TASK STATEMENT = Return only the lines below starting at the line containing "Safety Sign, Vertical" and ending at the line containing "การเดินทาง : จากวัดพระธาตุเชิงชุมวรวิหาร", both included, exactly as they are and with no pictures.

DATA FOR THIS TASK =
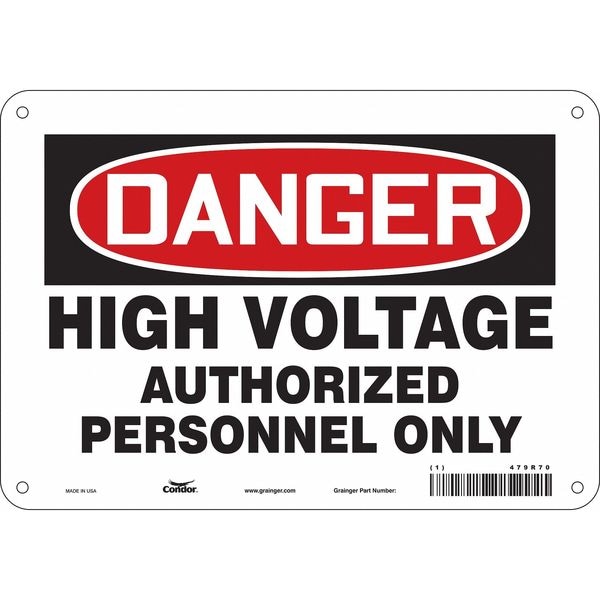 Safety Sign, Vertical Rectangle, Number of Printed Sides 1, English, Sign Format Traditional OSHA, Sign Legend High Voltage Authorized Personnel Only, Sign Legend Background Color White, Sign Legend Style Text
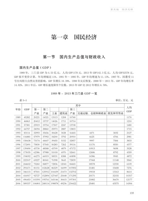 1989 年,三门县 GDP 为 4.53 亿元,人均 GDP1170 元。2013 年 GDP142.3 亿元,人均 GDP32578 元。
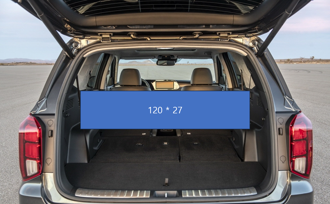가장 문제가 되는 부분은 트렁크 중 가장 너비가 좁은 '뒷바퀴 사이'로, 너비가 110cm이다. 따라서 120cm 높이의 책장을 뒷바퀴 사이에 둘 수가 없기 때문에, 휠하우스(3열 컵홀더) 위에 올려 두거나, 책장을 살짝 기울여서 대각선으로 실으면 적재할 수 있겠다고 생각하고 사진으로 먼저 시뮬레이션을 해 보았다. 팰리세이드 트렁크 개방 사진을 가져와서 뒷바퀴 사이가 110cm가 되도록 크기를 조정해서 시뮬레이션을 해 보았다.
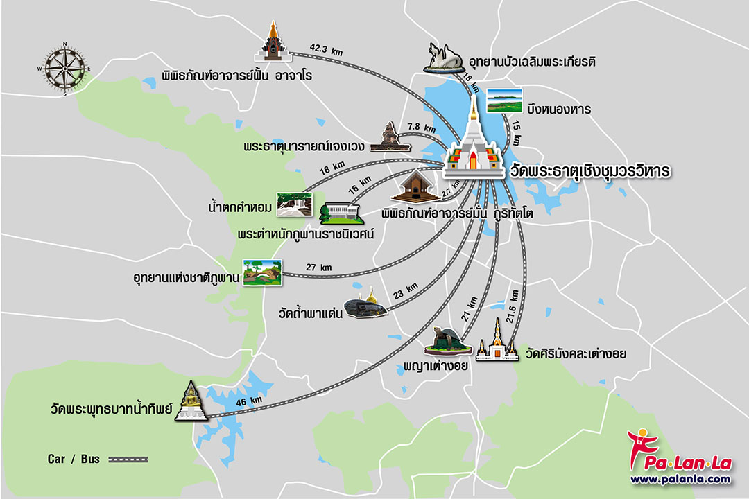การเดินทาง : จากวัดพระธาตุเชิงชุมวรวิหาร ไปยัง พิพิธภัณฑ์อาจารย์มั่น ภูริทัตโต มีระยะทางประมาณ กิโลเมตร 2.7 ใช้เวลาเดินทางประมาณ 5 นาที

==

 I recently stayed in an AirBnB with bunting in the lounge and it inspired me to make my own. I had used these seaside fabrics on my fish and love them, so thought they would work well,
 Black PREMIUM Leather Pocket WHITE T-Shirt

---

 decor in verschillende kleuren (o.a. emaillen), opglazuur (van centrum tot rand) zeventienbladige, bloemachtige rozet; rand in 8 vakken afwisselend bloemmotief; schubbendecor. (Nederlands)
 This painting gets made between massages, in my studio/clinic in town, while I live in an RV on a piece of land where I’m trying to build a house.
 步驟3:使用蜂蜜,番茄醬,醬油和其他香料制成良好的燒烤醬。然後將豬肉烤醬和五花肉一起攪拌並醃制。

SOLUTION TO THIS PROBLEM =
 Safety Sign, Vertical Rectangle, Number of Printed Sides 1, English, Sign Format Traditional OSHA, Sign Legend High Voltage Authorized Personnel Only, Sign Legend Background Color White, Sign Legend Style Text
 1989 年,三门县 GDP 为 4.53 亿元,人均 GDP1170 元。2013 年 GDP142.3 亿元,人均 GDP32578 元。
가장 문제가 되는 부분은 트렁크 중 가장 너비가 좁은 '뒷바퀴 사이'로, 너비가 110cm이다. 따라서 120cm 높이의 책장을 뒷바퀴 사이에 둘 수가 없기 때문에, 휠하우스(3열 컵홀더) 위에 올려 두거나, 책장을 살짝 기울여서 대각선으로 실으면 적재할 수 있겠다고 생각하고 사진으로 먼저 시뮬레이션을 해 보았다. 팰리세이드 트렁크 개방 사진을 가져와서 뒷바퀴 사이가 110cm가 되도록 크기를 조정해서 시뮬레이션을 해 보았다.
การเดินทาง : จากวัดพระธาตุเชิงชุมวรวิหาร ไปยัง พิพิธภัณฑ์อาจารย์มั่น ภูริทัตโต มีระยะทางประมาณ กิโลเมตร 2.7 ใช้เวลาเดินทางประมาณ 5 นาที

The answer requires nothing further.